Vous avez dit "richesse" ?
Lorsqu'il s'agit de produire de la richesse, de quelle richesse parle-t-on ? Voilà la question centrale qui doit animer la réflexion de fond de tout dirigeant.
Et les économistes, à leur suite, devront bien un jour intégrer dans leurs pseudo-modèles et leurs pseudo-équations d'autres étalons de richesse que le seul étalon monétaire : le qualitatif inquantifiable y surgira en force.
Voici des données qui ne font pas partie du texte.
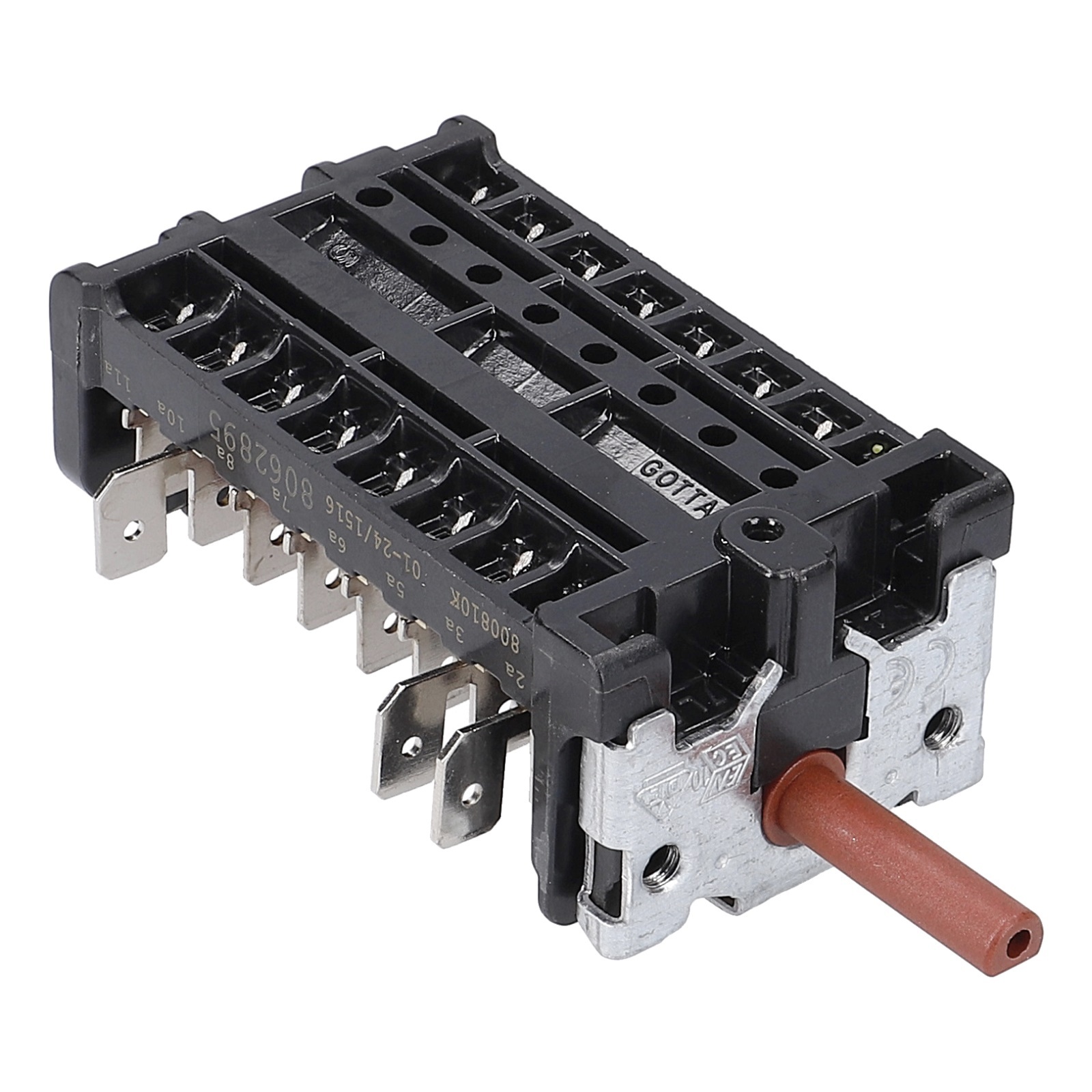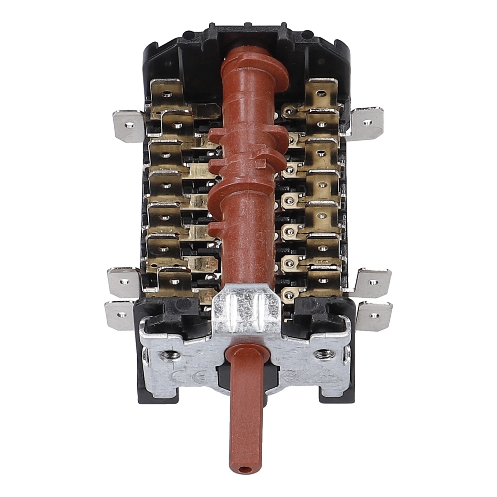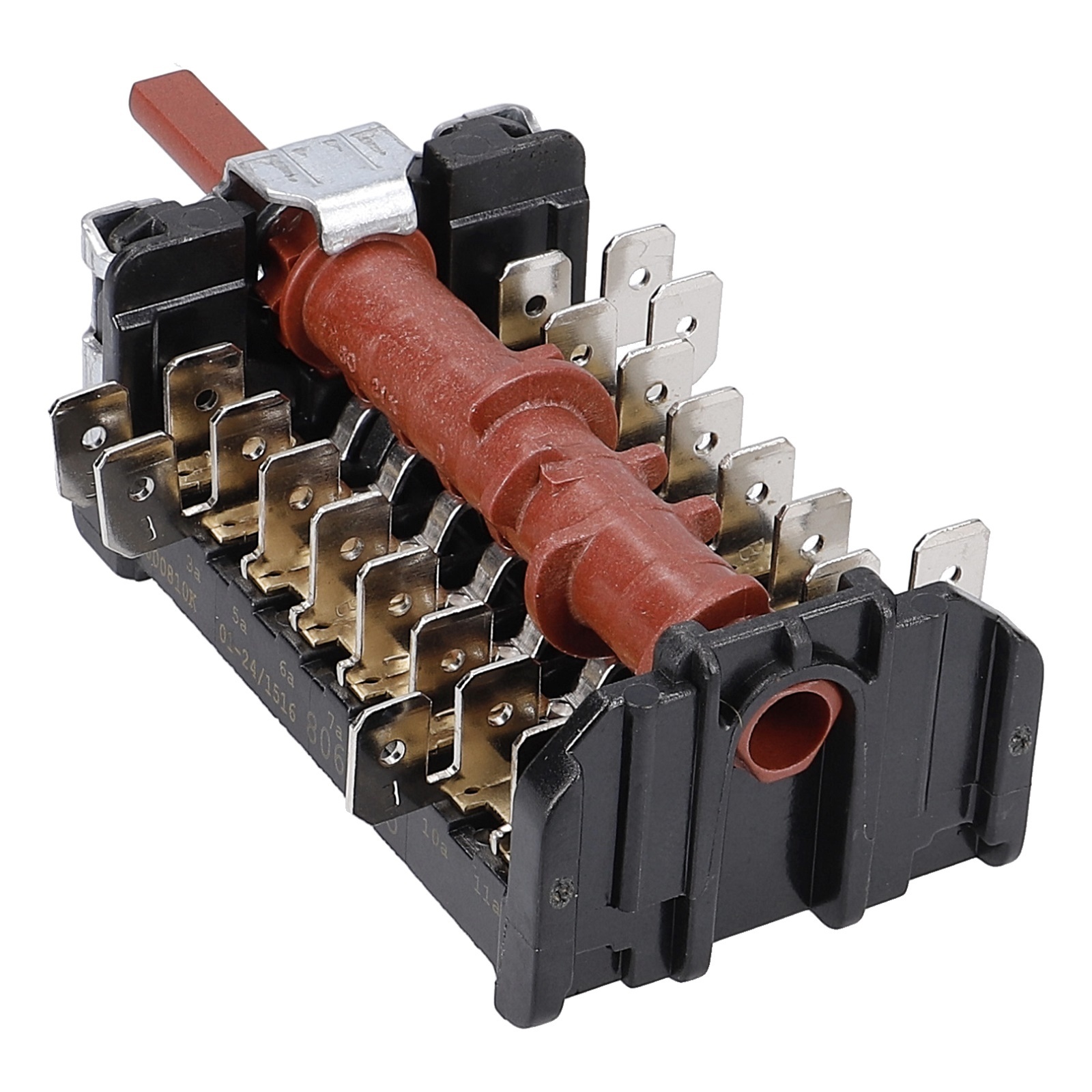 Mit dem Wahlschalter werden die Backofenfunktionen wie Unterhitze, Oberhitze, Grill etc. eingestellt. Der Schalter ist hinter der Bedienblende im Einbaubackofen und im Standherd eingebaut.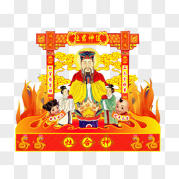 卡通手绘新年男孩女孩迎灶神免抠元素
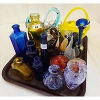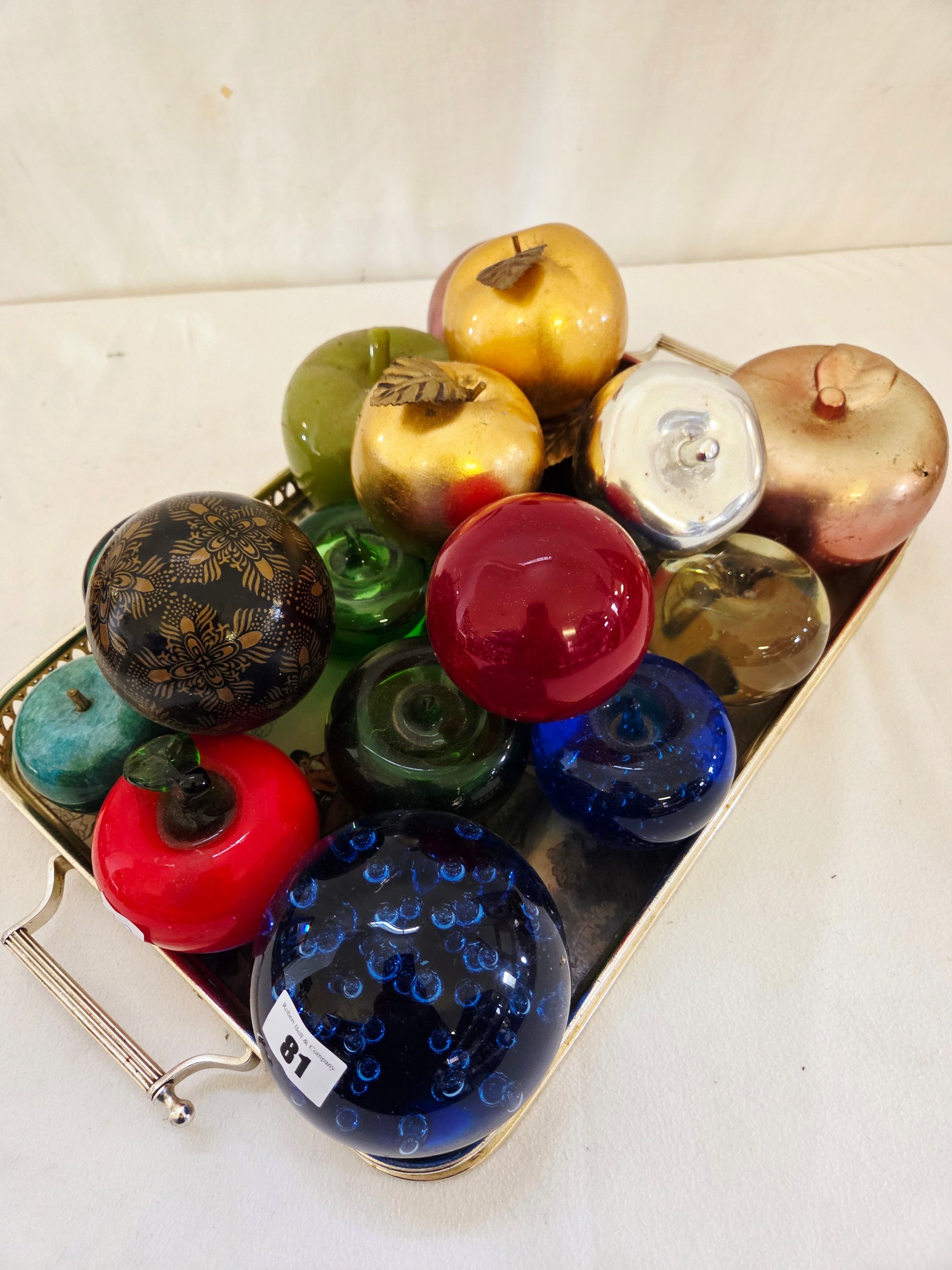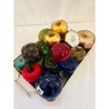 Tray of coloured glass, ceramic and other weights, dumps and apples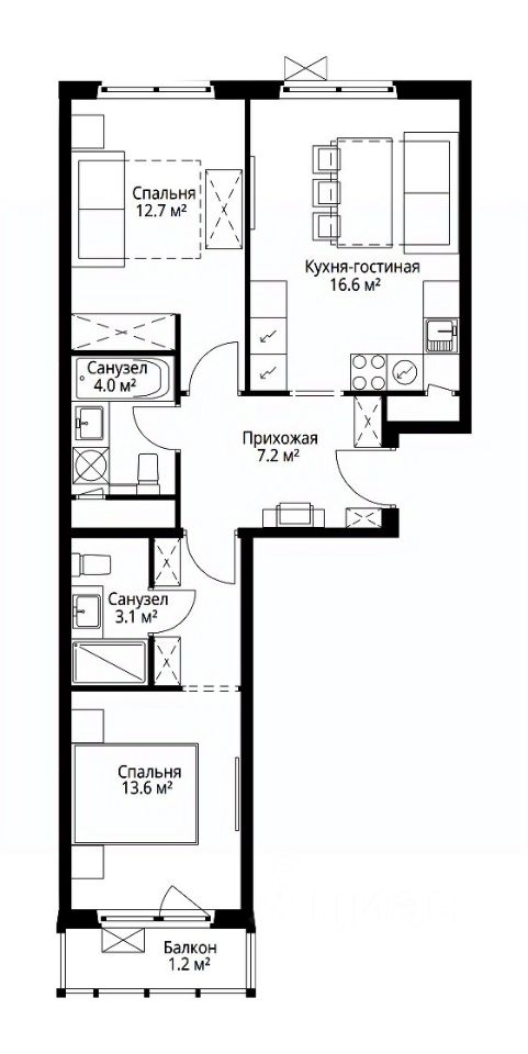 Продаётся 2-комнатная квартира общей площадью 58.40 м² без отделки в ЖК "У реки. Эко Видное 2.0" на 15-м этаже 17 этажного корпуса Левитан.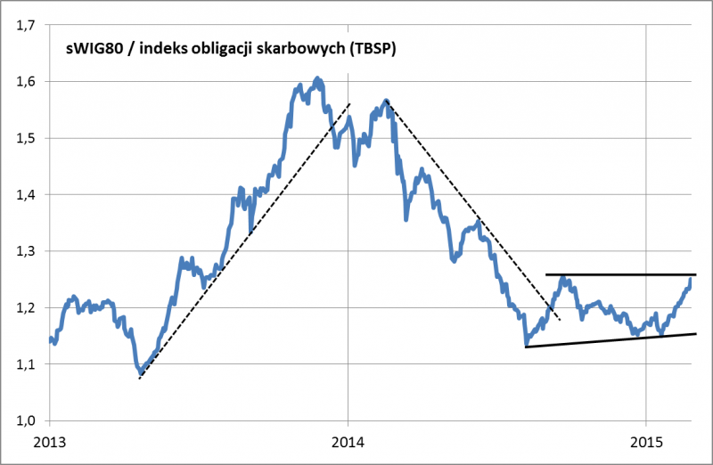 Jednym z głównych konkurentów, nie tylko dla małych spółek ale rynku akcji jako całości, są obligacje skarbowe (fundusze obligacji). Obecnie historyczne, dwunastomiesięczne stopy zwrotu ciągle przekraczają tu +10 proc. Obligacje mają za sobą wzrost cen spowodowany przez spadek stóp procentowych (tematowi temu poświęciliśmy już kilka analiz). W minionym roku ta klasa aktywów okazała się w efekcie hitem inwestycyjnym. Teraz jednak relacje z ubiegłego roku ulegają stopniowemu odwróceniu. Wskaźnik siły relatywnej sWIG80 względem koszyka obligacji o stałym kuponie (indeks TBSP), który w minionym roku zaliczył ostry zjazd, obecnie dla odmiany buduje zachęcającą formację wyglądającą na próbę zmiany trendu spadkowego na wzrostowy. Zauważmy, że akcje „maluchów” wyraźnie wygrały rywalizację z obligacjami np. w II połowie 2013 roku – obecne uwarunkowania przypominają tamtą sytuację.

Et pour le coup, la "science" économique sera enfin démasquée pour n'être pas une science mais seulement un amas de considérations diverses sur la subjectivité et la cupidité humaines.
De façon tout à fait générale, la richesse indique la valeur (et non seulement le prix) des propriétés émergentes surgies d'un complexe de ressources. Cette valeur peut être positive ou négative, qualitative ou quantitative, objective ou subjective. Quel que soit le point de vue adopté, elle se ramène toujours à de la néguentropie dont l'usage procure, ou pas, une certaine jouissance à l'usager. Bref, la richesse est de la jouissance potentielle.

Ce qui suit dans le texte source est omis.